The steel business is not in Pittsburgh in an industrial museum where the public may gad about on holidays. It is there in the men who earn their living by knowing a little better each year how to make armor-plate.
All this ought to be a matter of course. But there are many who think that science and art can be made to serve us at a cheaper price, that these stern guilds will give up their secret treasures in extension lectures and chautauqua clubs and twenty minutes a week in the public schools. History will show, I think, that this is not true, that no art and no sort of learning was ever vitally present among a people unless it was there as a living occupation.
Learning has come to us in this sense only within the last quarter-century. We were busy at other things before that. Our fathers were doing--as every people must--what they had to do. They had to live, to establish a government, and to maintain their fundamental faiths. They bent themselves to these tasks with the energy of our breed. And the tasks have shaped our national history and character. They gave us the Declaration of Independence and the American farmer who takes for granted that its principles are true. They gave us Chicago, the Amazon who stands yonder with I will written upon her shield and a throng of men who are fit to serve her will. They gave us a Civil War--men who could fight it and afterwards live together in peace. They gave us industry, law, democracy. But not science, not art. These were not wholly absent, but they were guests. They were here in the persons of a few men who in spite of all difficulties did work at them as a life business.
In this far western village, for example, we had two men who brought here the old English classical learning, two who more than fifty years ago had been trained in the universities of Europe, and one whom the radical instinct which set science going in the first place, called from a village academy into membership in the international guild of scholars. What these men did for sound learning and what they did through their pupils to uplift every occupation in the State, it is wholly beyond our power to measure. But one thing they could not do. They could not furnish to society more men who should devote themselves to learning than society would furnish a living for. And the bare fact is that there was a living for very few such men in America in the days before the war. Within the past quarter-century there has been a change in this respect so great that none fails to see it. The millions that we have spent upon universities and high schools, the vast plant of buildings and libraries and laboratories, fill the public eye with amazement. But all this is the husk of what has happened. The real thing is that these millions, this vast plant, these thousands of positions demanding trained men, have brought to life upon this ground the guild of scholars. We do not need any more to exhort men to become scholars. The spirit which was in Thales and Copernicus, in Agassiz and Kirkwood, calls to the Hoosier farmboy in its own voice, and shows him a clear path by which, if he is fit, he may join their great company.

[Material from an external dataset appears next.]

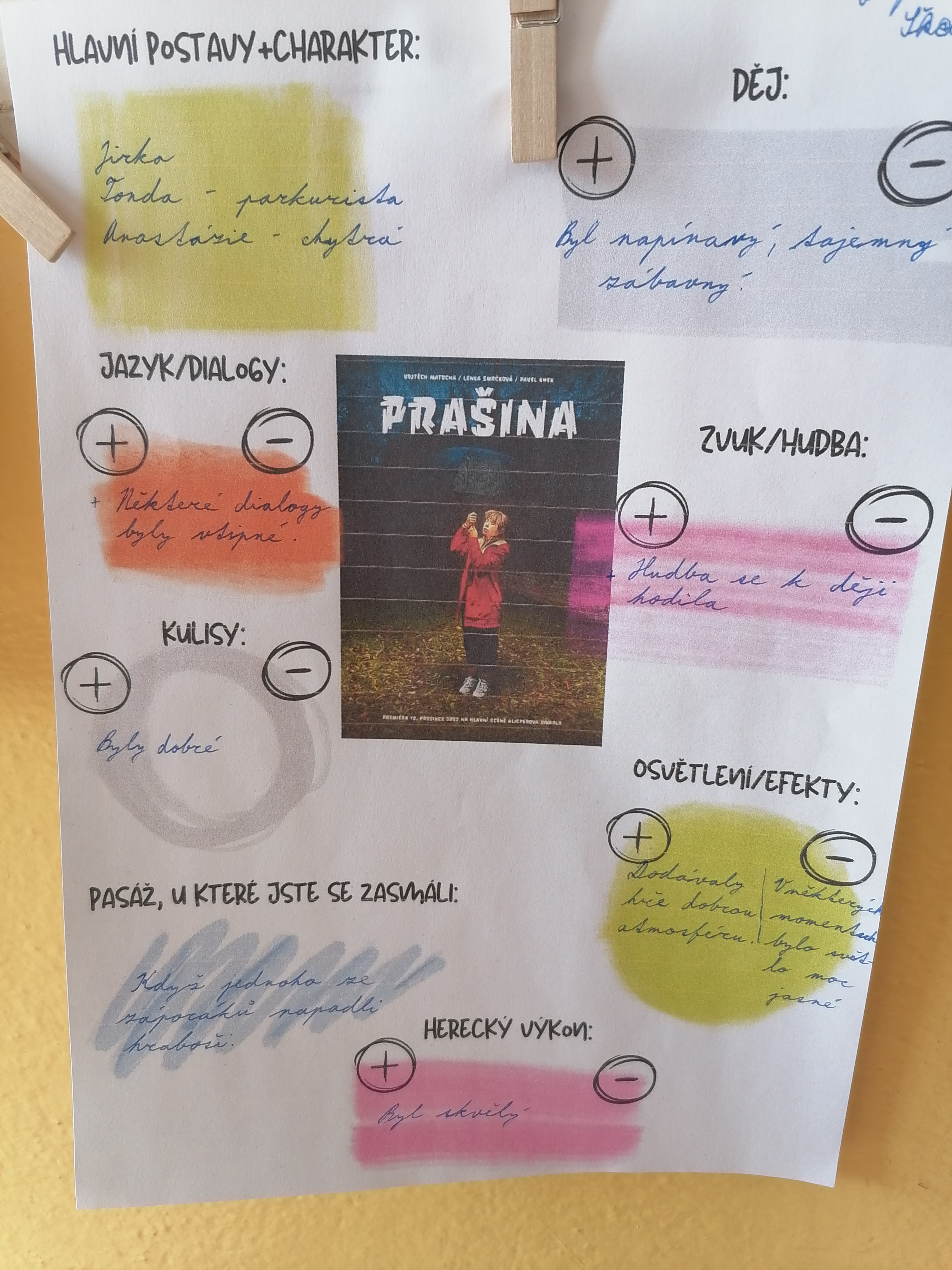Pro žáky jsme připravily pracovní listy, při jejichž vyplňování se měli vžít do role kritiků a vytvořit recenzi k divadelnímu představení. Jak hodnotili žáci herecké výkony? Jak se jim líbila scéna, zvukové a světelné efekty? Odvedl kostymér dobrou práci? Co naopak podle nich představení ublížilo? Musíme říct, že odpovědi dětí měly opravdu „hlavu a patu“ a bylo vidět, že nad svými odpověďmi přemýšlí, že tam nechtějí napsat „jen tak něco“.

And, if I am not mistaken, Art, which has also been a guest, is ready at last to become a citizen. Why should it not? What is lacking? Yonder are the works of art and the men who know. Here are the youths some share of whom must by right belong to the service of Art. And here are the millions which go to support men in every molehole of scientific research and other millions spent stupidly and wantonly for whatever the shopkeepers tell us is beautiful. We could not create these potential forces that make for art. But if it is true that they are here, we can organize them, as David Starr Jordan and the like of him less than twenty years ago organized the forces that make for science. We can make a path through the school and the university along which all the children of the State may go as far as they will and along which those who are fit may enter the artist's life.
"The mission of society," says Geddes, "is to bring to bloom as many sorts of genius as possible." And this it can do only when each sort of genius has the chance to choose freely its own life occupation.
Here, as I think, is the program for our educational system--to make plain highways from every corner of the State to every occupation which history has proved good.
II
However, as matters actually stand at present, it is your good fortune to have a wide range of occupations among which to choose.
It is no light matter to make the choice. It is to elect your physical and social environment. It is to choose where you will work--in a scholar's cloister, on a farm, or in the cliffs of a city street. It is to choose your comrades and rivals. It is to choose what you will attend to, what you will try for, whom you will follow. In a word, it is to elect for life, for better or worse, some one part of the whole social heritage. These influences will not touch you lightly. They will compass you with subtle compulsions. They will fashion your clothes and looks and carriage, the cunning of your hands, the texture of your speech, and the temper of your will. And if you are wholly willing and wholly fit, they can work upon you this miracle: they can carry you swiftly in the course of your single life to levels of wisdom and skill in one sort, which it has cost the whole history of your guild to win.